Loop without exit assertion Assert on the collected results after the loop.

Gate: preservation of regression-detection power. Test-count delta > 0 is acceptable (splits produce more tests).

Example

Before

it('parses trailing JSON', () => {
  try {
    parse('{ "a": 1 } garbage');
  } catch (e) {
    expect(e.message).toMatch(/trailing/);
  }
});

After

it('rejects trailing garbage after JSON value', () => {
  expect(() => parse('{ "a": 1 } garbage')).toThrow(/trailing/);
});

The original test passed silently if parse returned normally; the catch block was never reached and no assertion was checked.

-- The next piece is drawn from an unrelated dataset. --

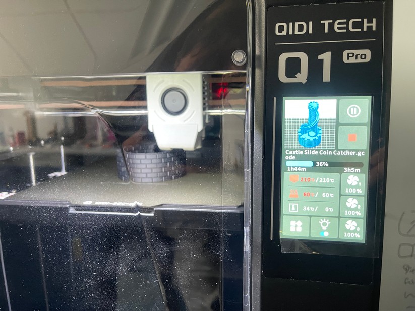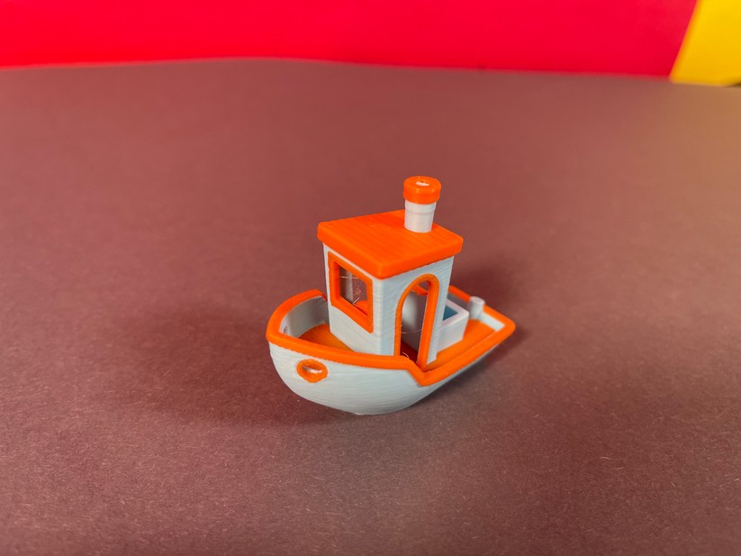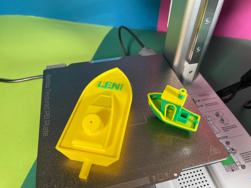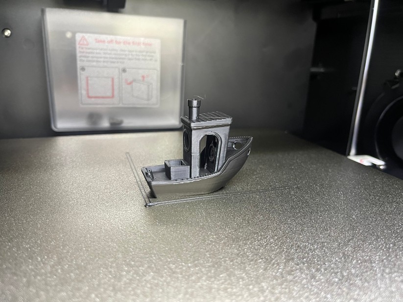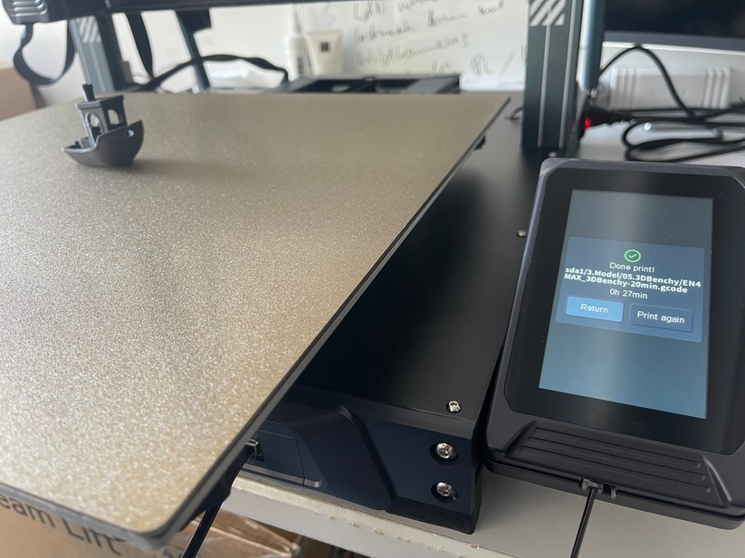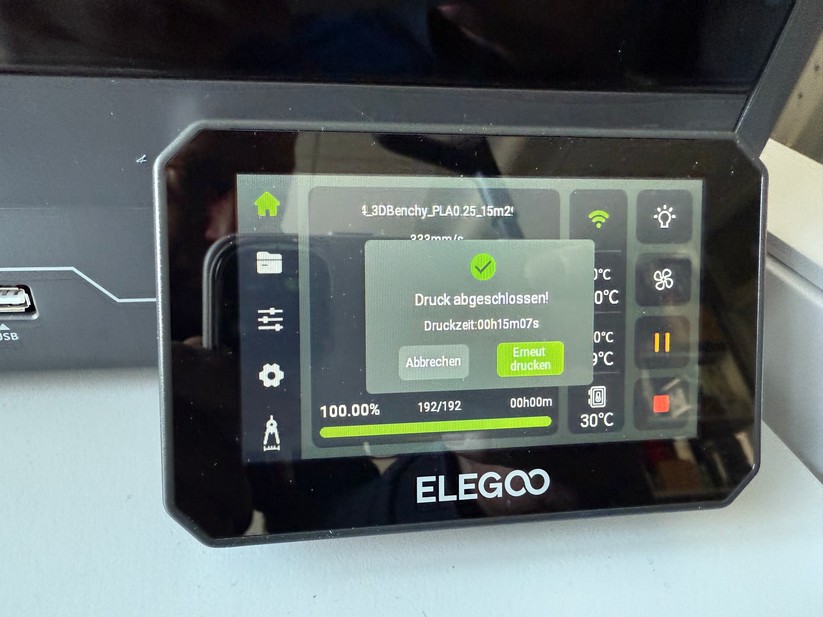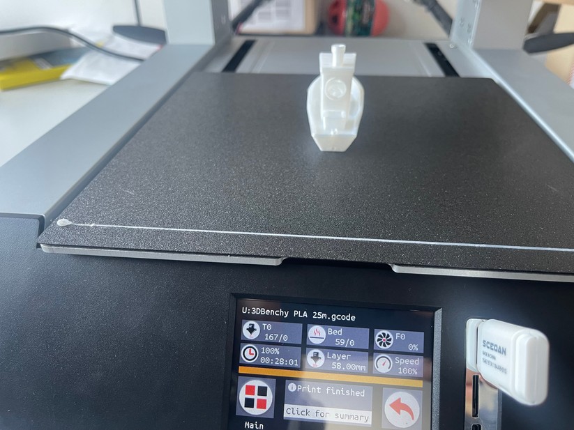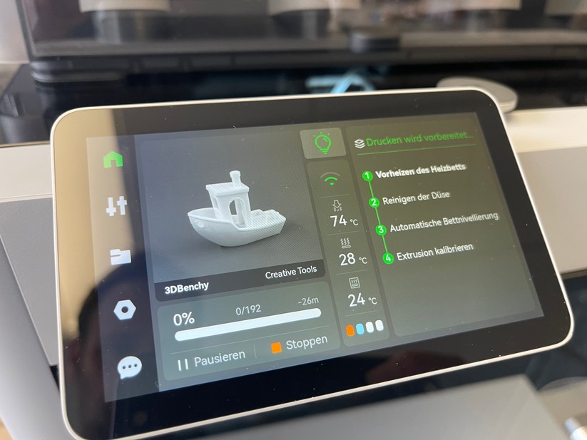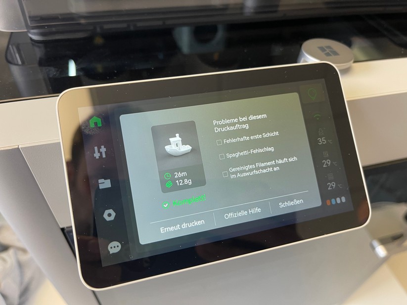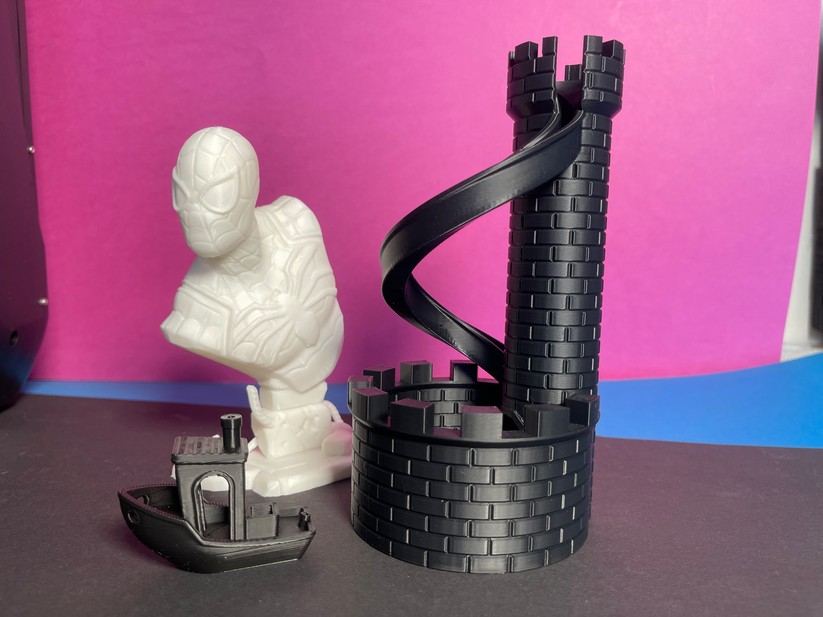 Nach etwa 30 Minuten der Einrichtung kann der erste Druck starten. Lächerlich wenig Filament ist dafür im Lieferumfang enthalten, ein paar Modelle – darunter ein Benchy – sind bereits vorgeslicet auf dem internen Speicher des Druckers abgelegt. Das Benchy gelingt auf Anhieb in 17 Minuten und kann sich durchaus sehen lassen. Die Geldrutsche im Look einer mittelalterlichen Burg kann sich sogar sehr sehen lassen.
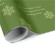 Add your custom message or text to this green snowflake wrapping paper. Great for winter and the Christmas season. Use for business packaging, gifts, and more. Use the template to create your custom green snowflake wrapping paper.

Moved to a throw matcher that verifies the exception and that one was raised.

  • rotten-green — cousin; conditional-logic is "has an assertion but skips it on some paths", rotten-green is "has no assertion at all".
  • vacuous-assertionif-gated weak checks overlap.

Polyglot notes

Every runner has a throw matcher and a skip mechanism; the transforms are mechanical per-runner lookups. The detection (IfStatement in test body, try-without-fail-after) is AST-level and polyglot via tree-sitter / ast-grep.